Outer House dismisses $210m damages action alleging conspiracy to breach fiduciary duty
A man who claimed $210 million in damages for loss said to have been suffered partially because of a conspiracy to facilitate a breach of fiduciary duty by a solicitor has had his action dismissed in the Outer House of the Court of Session.
Robert Kidd raised the action against eight defenders. These included five entities or individuals involved in the Lime Rock Group, as well as Ledingham Chalmers LLP and two partners in that firm.
The case was heard by Lord Clark. A separate action against Burness Paull LLP, the predecessor firm of which had employed the solicitor said to have committed the breach at the material time, was previously settled in 2018.
Acted for both sides
The pursuer was formerly the sole shareholder of ITS Ltd, a company incorporated in Scotland. In 2007 he decided to sell part of his shareholding and employed two new directors. In February 2008 he instructed Paull and Williamsons LLP, which later merged with another firm and became Burness Paull, to represent the company’s interests in implementation of any agreement reached with a proposed investor.
In due course, the Lime Rock Group expressed an interest in purchasing shares in ITS. In September 2009, the pursuer sold part of his shareholding to Lime Rock Partners V, LP, the third defender. The company went into administration in April 2013 following a deterioration in its operational performance.
Lime Rock had been clients of P&W for some time prior to 2009. In particular. they were clients of Mr Kenneth Gordon, the solicitor who had acted for ITS in the negotiation, a fact the pursuer was not aware of at the time. The pursuer raised a commercial action against P&W and BP in 2015, contending there had been fraudulent misrepresentation, breach of fiduciary duty, and professional negligence.
In that case, the pursuer alleged that Mr Gordon arranged for solicitors from Ledingham Chalmers, the sixth defender, to “front” the negotiations on behalf of Lime Rock to conceal the fact that he was advising both sides. The defenders in that action accepted that the actions of Mr Gordon had caused a conflict of interest and reached a settlement with the pursuer in February 2018.
In the Lime Rock action, the pursuer averred that the eight defenders were jointly and severally liable for his loss.
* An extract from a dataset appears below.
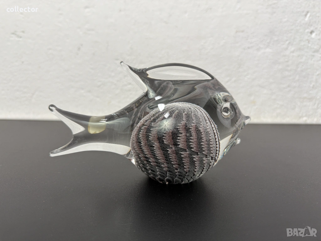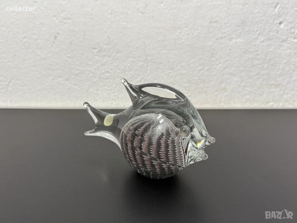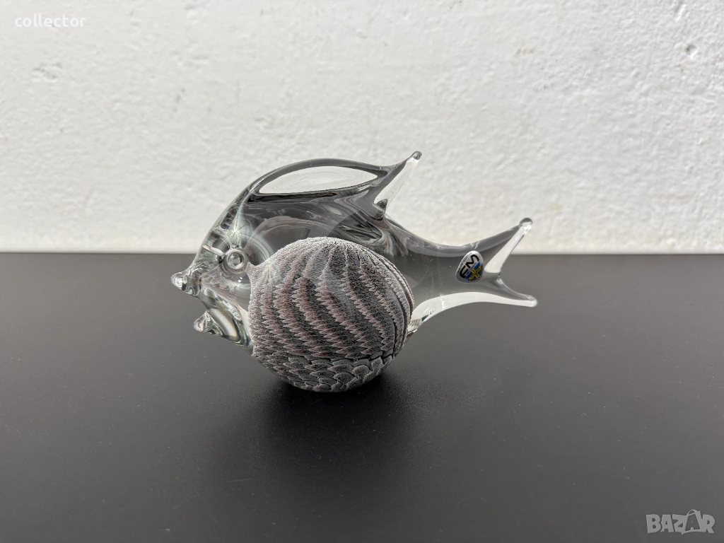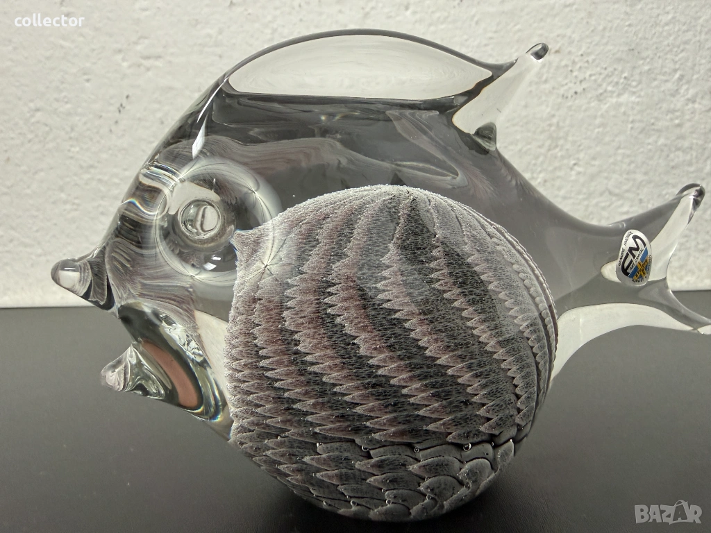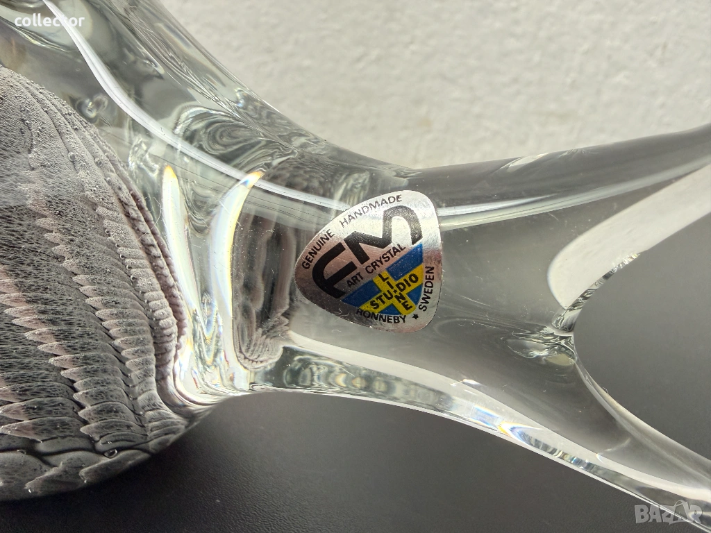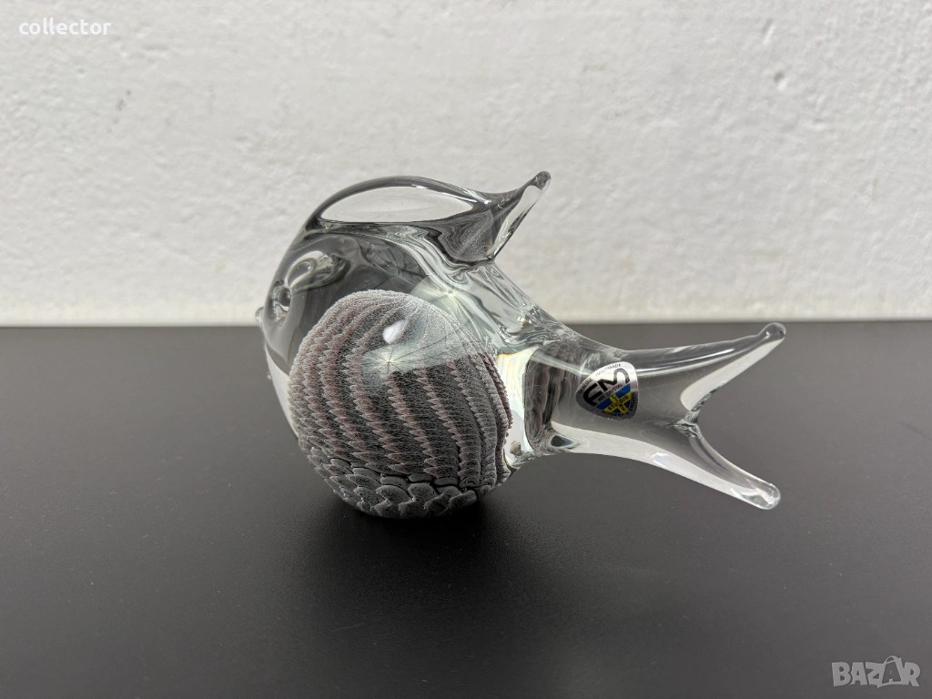 Скулптура на риба от стъкло, произведена от шведската компания FM Konstglas (по-късно Marcolin Art Crystal) от Ронеби, Швеция. Братята Марколин, които са учили техники за работа със стъкло в известните студиа на остров Мурано, Италия.

They were all aware that Mr Gordon was acting in breach of his fiduciary duty and conspired to facilitate that breach by deceiving the pursuer into thinking that each side was being independently advised.
The first to fifth defenders submitted that the action was incompetent, as the pursuer had received full satisfaction for the loss he claimed to have suffered via the settlement agreement with Burness Paull. As a result of this, his cause of action had been extinguished.
The sixth to eighth defenders made similar submissions on satisfaction of loss, and further submitted that there was nothing in the settlement agreement that suggested what the pursuer agreed to accept was in partial satisfaction only of his claim for damages.
Full and final settlement
In his opinion, Lord Clark said of the settlement agreement the pursuer had reached with BP: “There are no averments that the agreed sum gave a discount for any particular matters, nor are there any averments of facts or reasons known to both parties supporting the fixing of a sum less than the full measure of the pursuer’s loss. Subjective intentions are of course irrelevant.”
He continued: “The settlement agreement makes clear that it is not just a full and final settlement of the action but that it includes release of claims in any way related to the proceedings or their underlying facts.”
Applying this interpretation to the present case, he said: “The meaning of the settlement agreement is that the pursuer reached a full and final settlement, with one joint wrongdoer, of the loss claimed in the action against that joint wrongdoer. On the basis of [previous case authority], that precludes an action against other joint wrongdoers for that same loss.”
He concluded: “The pursuer avers that the present action is ‘based on a different legal basis to that advanced in the first claim’. However, if the present defenders are jointly and severally liable for the pursuer’s loss, but that loss has been satisfied, then no claim remains.”
For these reasons, the pursuer’s claim was dismissed.
Acted in concert
Lord Clark also felt it appropriate to address the other issues raised by the case, namely relevancy, specification, and prescription. Addressing relevancy and specification, he summarised: “The pursuer has in this case made sufficient averments of the kind that Lord Tyre in the earlier case properly identified as necessary for a relevant case based upon fraudulent misrepresentation.”
He continued: “The defenders’ conduct did not prevent P&W or Mr Gordon giving the advice the pursuer claims should have been given, but they are all said, in effect, to have acted in concert to reach that result. I therefore conclude that the argument for the defenders that the pursuer’s case here is irrelevant for the same reasons as in the earlier case falls to be rejected.”
Regarding prescription, he said: “I reject the defenders’ position that as knowledge of the pretence was known to the pursuer in 2014 when the P&W/BP action was raised, that means the action has prescribed; the issue here is about the conduct of the present defenders.”
Lord Clark therefore determined that, had the case not been dismissed, these issues would have been determinable at a proof before answer.